Leave out every picture, and return exactly the lines from the line containing "do Distrito Federal." through the end of the records below, both inclusive.

:: Information supplied

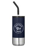 Stainless steel outer and plastic inner liner. Snap on, spill resistant lid with 10" straw with silicone tip. BPA free. Meets FDA requirments. Hand wash recommended. Imprint Area: Silk-Screen: 2 ½" W x 2 ½" H • Wraparound: 5" W x 2 ½" H (Silk-Screen Only).
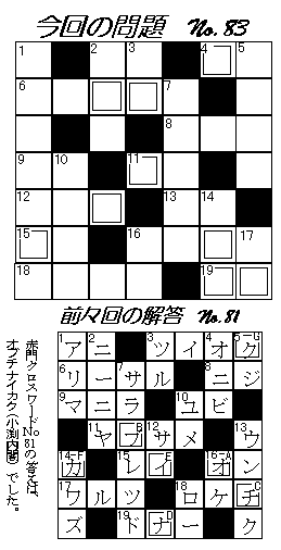 今回もオーソドックスな問題です。クロスができ上がったら、二重ワクのなかの文字を適当に並べると、話題になっている言葉が出てきます。それが今回の答えです。がんばって解いてみてください。(出題S・S)
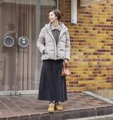 縦に並んだフロントボタンがコーデのいいアクセントになるビスチェ。シンプルなデザインと落ち着いた発色で初心者も大人もコーデに取り入れやすいビスチェは、GUのスタッフさんのようにロングシャツにレイヤードするのもおすすめ。おしゃれに見えるだけじゃなく、メリハリ感が出てスタイルアップ効果も望めます。
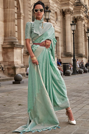 Saree color - Mint green. Fabric - Pure satin nylon silk. Work/Pattern - Weaving. Saree...
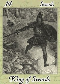 The King of Swords rules with diplomacy and a strong sense of responsibility, not just for himself but also for those around him, yet he is not afraid to make heavy decisions that compel him to eliminate dangers and dangerous opponents with some force.
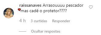“Arrasouuuu pescador, mas cadê o protetor????”, questionou Raíssa.
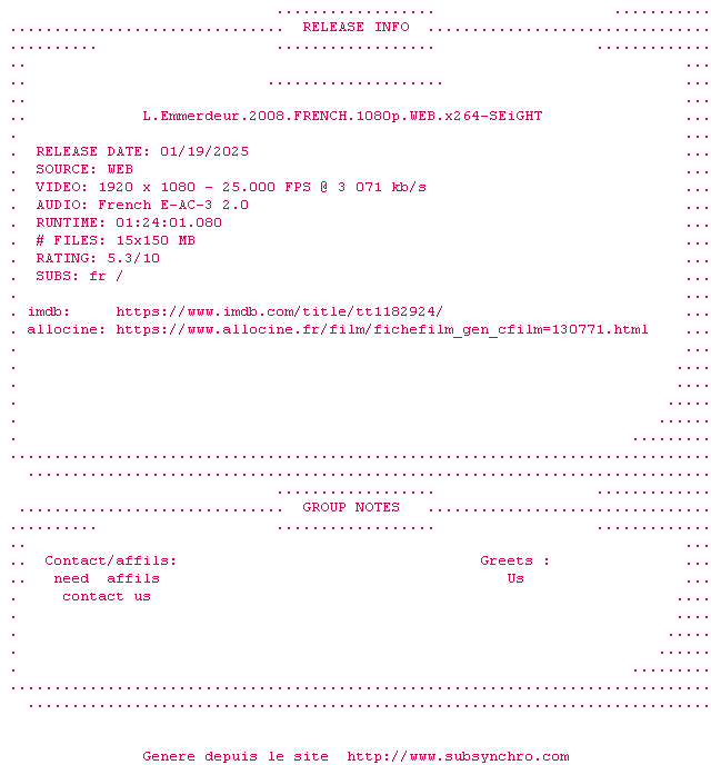 Voir le nfo de la release L.Emmerdeur.2008.FRENCH.1080p.WEB.x264-SEiGHT
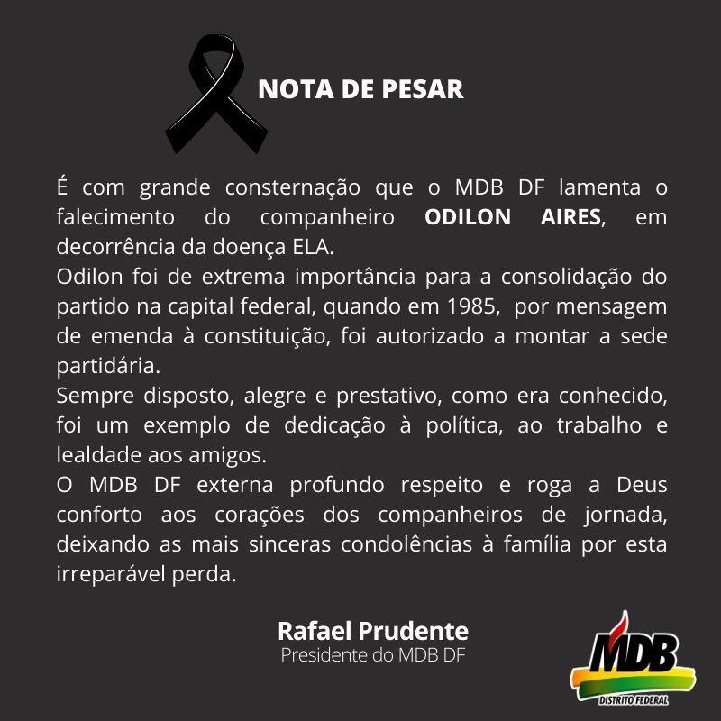 “Foi com enorme pesar que recebi a notícia no falecimento de Odilon Aires, meu companheiro de partido e um dos mais ativos líderes na luta pela emancipação política do Distrito Federal.
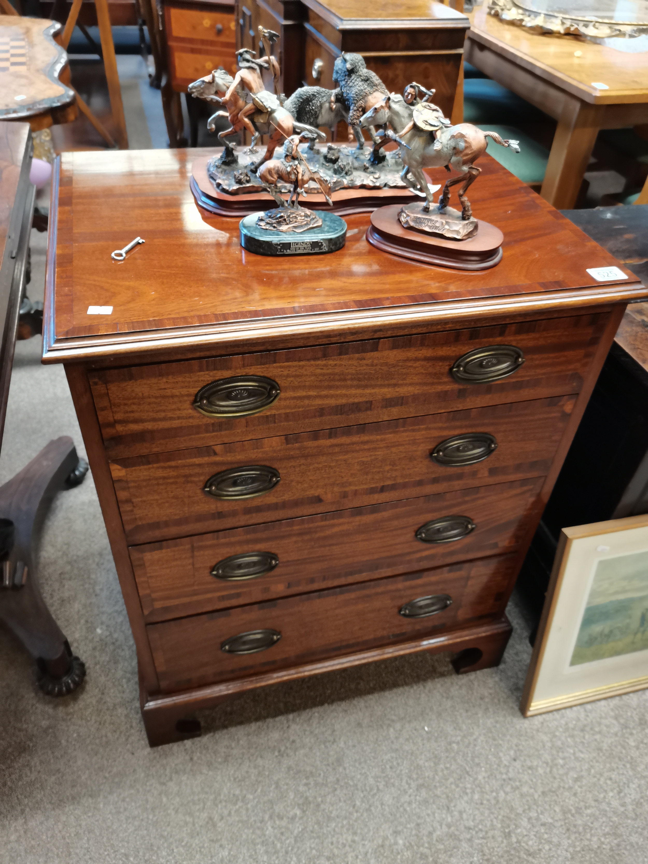 Antique 4 height mahogany chest with bracket feet

::::

[Solution to the problem]
 “Foi com enorme pesar que recebi a notícia no falecimento de Odilon Aires, meu companheiro de partido e um dos mais ativos líderes na luta pela emancipação política do Distrito Federal.
 Antique 4 height mahogany chest with bracket feet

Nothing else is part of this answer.